Exercise requirements: An exact copy of all the data is required, with pictures left out.

Data provided:
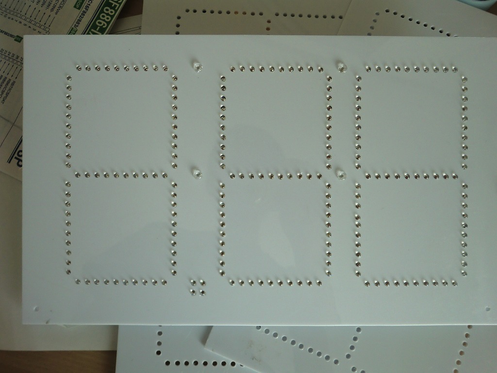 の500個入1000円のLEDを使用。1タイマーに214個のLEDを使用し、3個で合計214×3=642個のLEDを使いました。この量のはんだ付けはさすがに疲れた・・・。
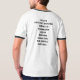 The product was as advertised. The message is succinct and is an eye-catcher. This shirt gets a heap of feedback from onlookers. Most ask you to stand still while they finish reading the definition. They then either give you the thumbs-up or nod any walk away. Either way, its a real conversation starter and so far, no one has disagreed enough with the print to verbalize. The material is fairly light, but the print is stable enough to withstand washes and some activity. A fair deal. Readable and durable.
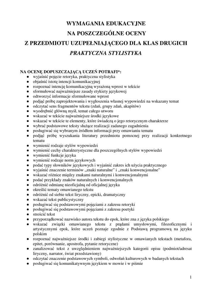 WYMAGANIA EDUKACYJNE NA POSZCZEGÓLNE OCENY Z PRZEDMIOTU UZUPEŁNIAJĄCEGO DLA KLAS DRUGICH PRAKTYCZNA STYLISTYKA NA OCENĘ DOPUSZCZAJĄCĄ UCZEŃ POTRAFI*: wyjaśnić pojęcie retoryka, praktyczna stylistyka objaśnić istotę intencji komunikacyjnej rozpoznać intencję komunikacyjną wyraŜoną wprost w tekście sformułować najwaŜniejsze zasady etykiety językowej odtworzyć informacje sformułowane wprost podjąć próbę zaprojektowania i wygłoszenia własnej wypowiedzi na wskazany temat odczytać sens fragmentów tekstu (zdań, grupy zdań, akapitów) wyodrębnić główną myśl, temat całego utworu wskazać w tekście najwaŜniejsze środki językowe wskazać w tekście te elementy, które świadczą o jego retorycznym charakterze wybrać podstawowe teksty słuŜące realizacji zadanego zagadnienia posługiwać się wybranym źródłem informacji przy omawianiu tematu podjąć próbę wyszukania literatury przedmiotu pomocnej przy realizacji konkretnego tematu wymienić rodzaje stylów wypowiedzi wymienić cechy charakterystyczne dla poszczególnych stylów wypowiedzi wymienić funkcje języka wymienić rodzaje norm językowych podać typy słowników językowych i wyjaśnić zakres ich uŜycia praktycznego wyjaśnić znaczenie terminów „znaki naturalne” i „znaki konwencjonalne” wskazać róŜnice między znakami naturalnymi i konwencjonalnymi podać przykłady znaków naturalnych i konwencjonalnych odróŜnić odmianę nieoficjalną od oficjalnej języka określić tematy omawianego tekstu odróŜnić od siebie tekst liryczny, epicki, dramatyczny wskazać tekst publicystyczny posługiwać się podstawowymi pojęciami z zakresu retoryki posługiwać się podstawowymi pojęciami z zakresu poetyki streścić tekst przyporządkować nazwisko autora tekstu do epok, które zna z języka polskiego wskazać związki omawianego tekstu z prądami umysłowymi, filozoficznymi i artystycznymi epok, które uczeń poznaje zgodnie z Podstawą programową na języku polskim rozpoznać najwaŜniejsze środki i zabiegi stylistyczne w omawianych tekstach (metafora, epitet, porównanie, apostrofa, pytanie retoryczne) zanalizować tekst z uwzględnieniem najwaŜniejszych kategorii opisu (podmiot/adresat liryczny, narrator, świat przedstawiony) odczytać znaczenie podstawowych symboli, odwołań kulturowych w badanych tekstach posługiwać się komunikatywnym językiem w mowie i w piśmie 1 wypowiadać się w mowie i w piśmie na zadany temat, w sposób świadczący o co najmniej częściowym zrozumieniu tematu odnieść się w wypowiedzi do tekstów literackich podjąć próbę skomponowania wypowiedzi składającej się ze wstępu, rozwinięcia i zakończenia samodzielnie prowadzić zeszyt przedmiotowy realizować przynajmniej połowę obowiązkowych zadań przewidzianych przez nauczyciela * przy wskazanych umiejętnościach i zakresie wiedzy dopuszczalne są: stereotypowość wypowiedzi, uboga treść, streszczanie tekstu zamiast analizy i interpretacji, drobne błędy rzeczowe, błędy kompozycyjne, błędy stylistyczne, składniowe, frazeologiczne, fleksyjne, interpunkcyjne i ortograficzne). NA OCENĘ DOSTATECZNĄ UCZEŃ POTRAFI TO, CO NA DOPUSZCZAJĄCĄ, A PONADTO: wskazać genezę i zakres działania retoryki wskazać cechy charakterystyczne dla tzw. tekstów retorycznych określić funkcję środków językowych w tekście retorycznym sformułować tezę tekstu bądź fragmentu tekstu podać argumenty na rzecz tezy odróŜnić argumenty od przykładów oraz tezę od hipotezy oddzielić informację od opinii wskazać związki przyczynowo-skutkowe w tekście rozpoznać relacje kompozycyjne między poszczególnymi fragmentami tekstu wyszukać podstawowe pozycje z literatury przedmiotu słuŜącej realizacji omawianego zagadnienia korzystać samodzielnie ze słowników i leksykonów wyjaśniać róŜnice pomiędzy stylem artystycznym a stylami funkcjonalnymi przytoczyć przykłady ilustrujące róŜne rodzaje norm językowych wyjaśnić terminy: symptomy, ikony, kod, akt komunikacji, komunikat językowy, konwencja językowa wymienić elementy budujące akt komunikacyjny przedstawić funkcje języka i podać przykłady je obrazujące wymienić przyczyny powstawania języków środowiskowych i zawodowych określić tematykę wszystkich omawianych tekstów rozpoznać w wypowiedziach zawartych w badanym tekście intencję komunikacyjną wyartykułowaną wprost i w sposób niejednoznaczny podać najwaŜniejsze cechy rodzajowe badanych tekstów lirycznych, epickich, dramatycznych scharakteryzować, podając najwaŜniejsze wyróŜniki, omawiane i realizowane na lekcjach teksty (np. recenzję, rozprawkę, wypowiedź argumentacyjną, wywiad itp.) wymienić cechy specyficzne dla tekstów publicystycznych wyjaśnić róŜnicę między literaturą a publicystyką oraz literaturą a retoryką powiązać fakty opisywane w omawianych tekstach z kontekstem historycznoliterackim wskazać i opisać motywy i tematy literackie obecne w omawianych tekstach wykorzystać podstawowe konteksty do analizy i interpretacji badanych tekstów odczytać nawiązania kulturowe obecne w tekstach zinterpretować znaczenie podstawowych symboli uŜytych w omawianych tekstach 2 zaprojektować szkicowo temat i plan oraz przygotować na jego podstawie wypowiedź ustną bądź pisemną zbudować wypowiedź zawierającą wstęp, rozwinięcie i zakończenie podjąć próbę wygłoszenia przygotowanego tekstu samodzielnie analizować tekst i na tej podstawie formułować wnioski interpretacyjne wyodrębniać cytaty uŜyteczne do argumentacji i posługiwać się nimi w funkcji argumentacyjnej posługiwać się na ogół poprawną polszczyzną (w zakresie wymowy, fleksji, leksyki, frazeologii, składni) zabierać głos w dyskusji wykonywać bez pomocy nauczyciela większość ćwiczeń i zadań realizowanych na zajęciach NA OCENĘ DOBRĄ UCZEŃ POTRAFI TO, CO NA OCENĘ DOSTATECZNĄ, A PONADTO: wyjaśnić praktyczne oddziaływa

The answer:
 の500個入1000円のLEDを使用。1タイマーに214個のLEDを使用し、3個で合計214×3=642個のLEDを使いました。この量のはんだ付けはさすがに疲れた・・・。
 The product was as advertised. The message is succinct and is an eye-catcher. This shirt gets a heap of feedback from onlookers. Most ask you to stand still while they finish reading the definition. They then either give you the thumbs-up or nod any walk away. Either way, its a real conversation starter and so far, no one has disagreed enough with the print to verbalize. The material is fairly light, but the print is stable enough to withstand washes and some activity. A fair deal. Readable and durable.
 WYMAGANIA EDUKACYJNE NA POSZCZEGÓLNE OCENY Z PRZEDMIOTU UZUPEŁNIAJĄCEGO DLA KLAS DRUGICH PRAKTYCZNA STYLISTYKA NA OCENĘ DOPUSZCZAJĄCĄ UCZEŃ POTRAFI*: wyjaśnić pojęcie retoryka, praktyczna stylistyka objaśnić istotę intencji komunikacyjnej rozpoznać intencję komunikacyjną wyraŜoną wprost w tekście sformułować najwaŜniejsze zasady etykiety językowej odtworzyć informacje sformułowane wprost podjąć próbę zaprojektowania i wygłoszenia własnej wypowiedzi na wskazany temat odczytać sens fragmentów tekstu (zdań, grupy zdań, akapitów) wyodrębnić główną myśl, temat całego utworu wskazać w tekście najwaŜniejsze środki językowe wskazać w tekście te elementy, które świadczą o jego retorycznym charakterze wybrać podstawowe teksty słuŜące realizacji zadanego zagadnienia posługiwać się wybranym źródłem informacji przy omawianiu tematu podjąć próbę wyszukania literatury przedmiotu pomocnej przy realizacji konkretnego tematu wymienić rodzaje stylów wypowiedzi wymienić cechy charakterystyczne dla poszczególnych stylów wypowiedzi wymienić funkcje języka wymienić rodzaje norm językowych podać typy słowników językowych i wyjaśnić zakres ich uŜycia praktycznego wyjaśnić znaczenie terminów „znaki naturalne” i „znaki konwencjonalne” wskazać róŜnice między znakami naturalnymi i konwencjonalnymi podać przykłady znaków naturalnych i konwencjonalnych odróŜnić odmianę nieoficjalną od oficjalnej języka określić tematy omawianego tekstu odróŜnić od siebie tekst liryczny, epicki, dramatyczny wskazać tekst publicystyczny posługiwać się podstawowymi pojęciami z zakresu retoryki posługiwać się podstawowymi pojęciami z zakresu poetyki streścić tekst przyporządkować nazwisko autora tekstu do epok, które zna z języka polskiego wskazać związki omawianego tekstu z prądami umysłowymi, filozoficznymi i artystycznymi epok, które uczeń poznaje zgodnie z Podstawą programową na języku polskim rozpoznać najwaŜniejsze środki i zabiegi stylistyczne w omawianych tekstach (metafora, epitet, porównanie, apostrofa, pytanie retoryczne) zanalizować tekst z uwzględnieniem najwaŜniejszych kategorii opisu (podmiot/adresat liryczny, narrator, świat przedstawiony) odczytać znaczenie podstawowych symboli, odwołań kulturowych w badanych tekstach posługiwać się komunikatywnym językiem w mowie i w piśmie 1 wypowiadać się w mowie i w piśmie na zadany temat, w sposób świadczący o co najmniej częściowym zrozumieniu tematu odnieść się w wypowiedzi do tekstów literackich podjąć próbę skomponowania wypowiedzi składającej się ze wstępu, rozwinięcia i zakończenia samodzielnie prowadzić zeszyt przedmiotowy realizować przynajmniej połowę obowiązkowych zadań przewidzianych przez nauczyciela * przy wskazanych umiejętnościach i zakresie wiedzy dopuszczalne są: stereotypowość wypowiedzi, uboga treść, streszczanie tekstu zamiast analizy i interpretacji, drobne błędy rzeczowe, błędy kompozycyjne, błędy stylistyczne, składniowe, frazeologiczne, fleksyjne, interpunkcyjne i ortograficzne). NA OCENĘ DOSTATECZNĄ UCZEŃ POTRAFI TO, CO NA DOPUSZCZAJĄCĄ, A PONADTO: wskazać genezę i zakres działania retoryki wskazać cechy charakterystyczne dla tzw. tekstów retorycznych określić funkcję środków językowych w tekście retorycznym sformułować tezę tekstu bądź fragmentu tekstu podać argumenty na rzecz tezy odróŜnić argumenty od przykładów oraz tezę od hipotezy oddzielić informację od opinii wskazać związki przyczynowo-skutkowe w tekście rozpoznać relacje kompozycyjne między poszczególnymi fragmentami tekstu wyszukać podstawowe pozycje z literatury przedmiotu słuŜącej realizacji omawianego zagadnienia korzystać samodzielnie ze słowników i leksykonów wyjaśniać róŜnice pomiędzy stylem artystycznym a stylami funkcjonalnymi przytoczyć przykłady ilustrujące róŜne rodzaje norm językowych wyjaśnić terminy: symptomy, ikony, kod, akt komunikacji, komunikat językowy, konwencja językowa wymienić elementy budujące akt komunikacyjny przedstawić funkcje języka i podać przykłady je obrazujące wymienić przyczyny powstawania języków środowiskowych i zawodowych określić tematykę wszystkich omawianych tekstów rozpoznać w wypowiedziach zawartych w badanym tekście intencję komunikacyjną wyartykułowaną wprost i w sposób niejednoznaczny podać najwaŜniejsze cechy rodzajowe badanych tekstów lirycznych, epickich, dramatycznych scharakteryzować, podając najwaŜniejsze wyróŜniki, omawiane i realizowane na lekcjach teksty (np. recenzję, rozprawkę, wypowiedź argumentacyjną, wywiad itp.) wymienić cechy specyficzne dla tekstów publicystycznych wyjaśnić róŜnicę między literaturą a publicystyką oraz literaturą a retoryką powiązać fakty opisywane w omawianych tekstach z kontekstem historycznoliterackim wskazać i opisać motywy i tematy literackie obecne w omawianych tekstach wykorzystać podstawowe konteksty do analizy i interpretacji badanych tekstów odczytać nawiązania kulturowe obecne w tekstach zinterpretować znaczenie podstawowych symboli uŜytych w omawianych tekstach 2 zaprojektować szkicowo temat i plan oraz przygotować na jego podstawie wypowiedź ustną bądź pisemną zbudować wypowiedź zawierającą wstęp, rozwinięcie i zakończenie podjąć próbę wygłoszenia przygotowanego tekstu samodzielnie analizować tekst i na tej podstawie formułować wnioski interpretacyjne wyodrębniać cytaty uŜyteczne do argumentacji i posługiwać się nimi w funkcji argumentacyjnej posługiwać się na ogół poprawną polszczyzną (w zakresie wymowy, fleksji, leksyki, frazeologii, składni) zabierać głos w dyskusji wykonywać bez pomocy nauczyciela większość ćwiczeń i zadań realizowanych na zajęciach NA OCENĘ DOBRĄ UCZEŃ POTRAFI TO, CO NA OCENĘ DOSTATECZNĄ, A PONADTO: wyjaśnić praktyczne oddziaływa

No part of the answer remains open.